The Substrate of Agent Knowledge

The ACDP manifesto

When agents reason at the edge of organizations, the bottleneck is not capability — it is whether other agents can find, verify, and build on what was just produced.

We are past the question of whether AI agents can produce useful work. The live question is whether the work an agent produces today is legible, attributable, and reusable by an agent that has never met it. This is a proposal for the missing substrate: a context as a first-class, signed, content-addressed artifact.


After capability, after coordination — substrate

The first wave of agent infrastructure asked whether software could reason. Models became capable. Agents acquired tools. Frameworks orchestrated calls. Single agents solve multi-step problems.

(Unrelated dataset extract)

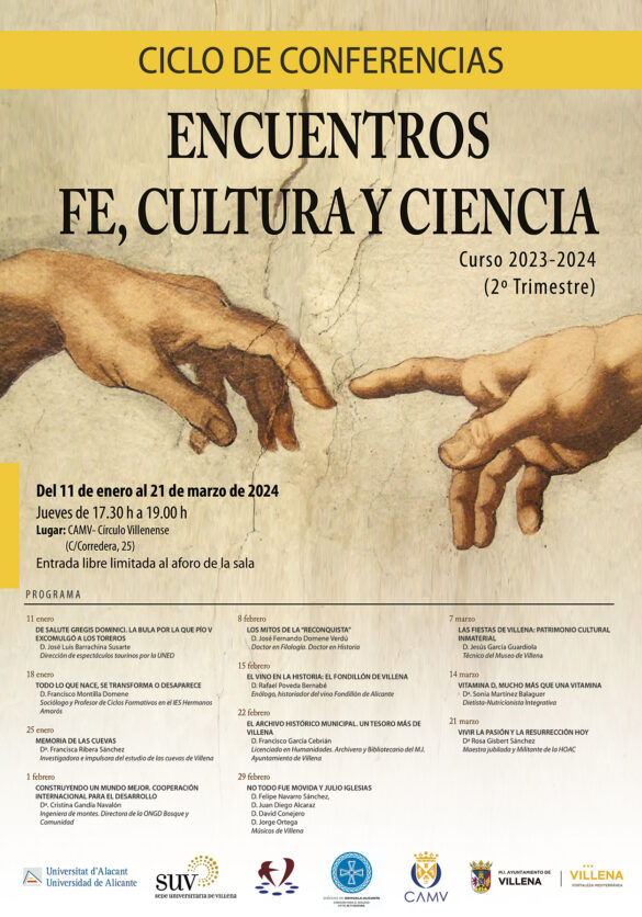 El trimestre del ciclo Encuentros se completa con una miscelánea de temas que arranca mañana jueves, 11 de enero, con la intervención de José Luis Barrachina, director de espectáculos taurinos, con su charla ‘De Salute Gregis Dominici. La bula por la que Pío V excomulgó a los toreros’. Continúa enero, con la intervención en el ciclo de Francisco Montilla, sociólogo y profesor del IES Hermanos Amorós, con su ponencia ‘Todo lo que nace, se transforma o desaparece’. Y cerrará el mes Francisca Ribera, investigadora de las cuevas de Villena, precisamente con una charla programada el día 25 sobre ‘La Memoria de las Cuevas’.

The second wave asked whether agents could coordinate. How do they vote, converge, divide work, and share state? That problem is far from settled, but it has dedicated standards, runtimes, and design patterns.

There is a third question, lying underneath both, that has no name yet: how does an agent's output become an artifact that another agent — anywhere, in any organization, at any later time — can find, verify, and reuse?

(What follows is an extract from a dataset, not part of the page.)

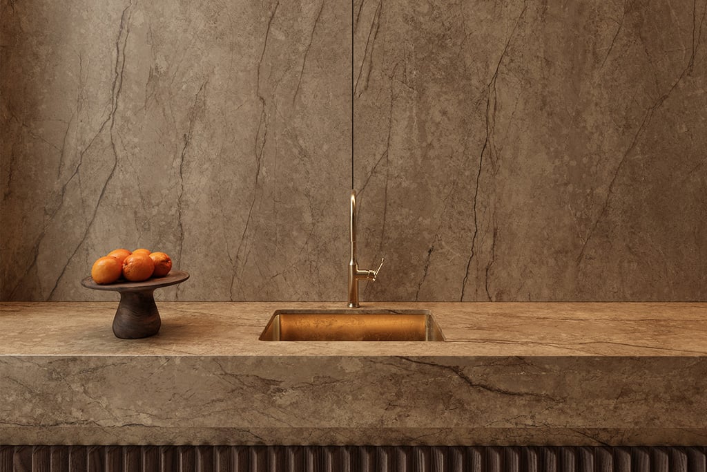 Architect Heather Dubbeldam (whose firm, Dubbeldam Architecture + Design, led the project) has a robust portfolio of residential projects, and her deep understanding of calm, comfortable homes proves especially valuable here. It’s easy to imagine a relaxed family meal playing out around the supersized island that anchors the showroom’s inviting kitchen vignette, or someone going about their morning routine in the bathroom area (complete with a Zoe Top integrated sink). And while surfacing can often be thought of as a cold material, Cosentino City Toronto’s wood accents help unlock the underlying warmth in Dekton collections like Pietra Kode, which takes its earthy inspiration from the Mediterranean, and Silestone ranges like Le Chic and Le Chic Bohème, which feature glam metallic accents.

That question is not about capability. It is not about coordination. It is about the substrate on which agent knowledge accumulates.

Today, every framework answers it implicitly. Outputs live in a database the producing system happens to use. Discovery is a SQL join, an Elasticsearch index, or a vector store. "Provenance" is whatever the producing system thought to log. Cross-organization reuse is somewhere between "ad hoc API integration" and "we email each other CSVs". The result is the data equivalent of pre-Unix: every system inventing its own format for what is fundamentally the same artifact.

Capability made agents impressive. Coordination is making them collaborative. Substrate will make their work compound.


The hidden cost of redundant analysis

Production agent systems often look productive from the outside. Reports get generated. Dashboards update. Alerts fire. Decisions get made.

Beneath the surface, the same analysis is happening in three places.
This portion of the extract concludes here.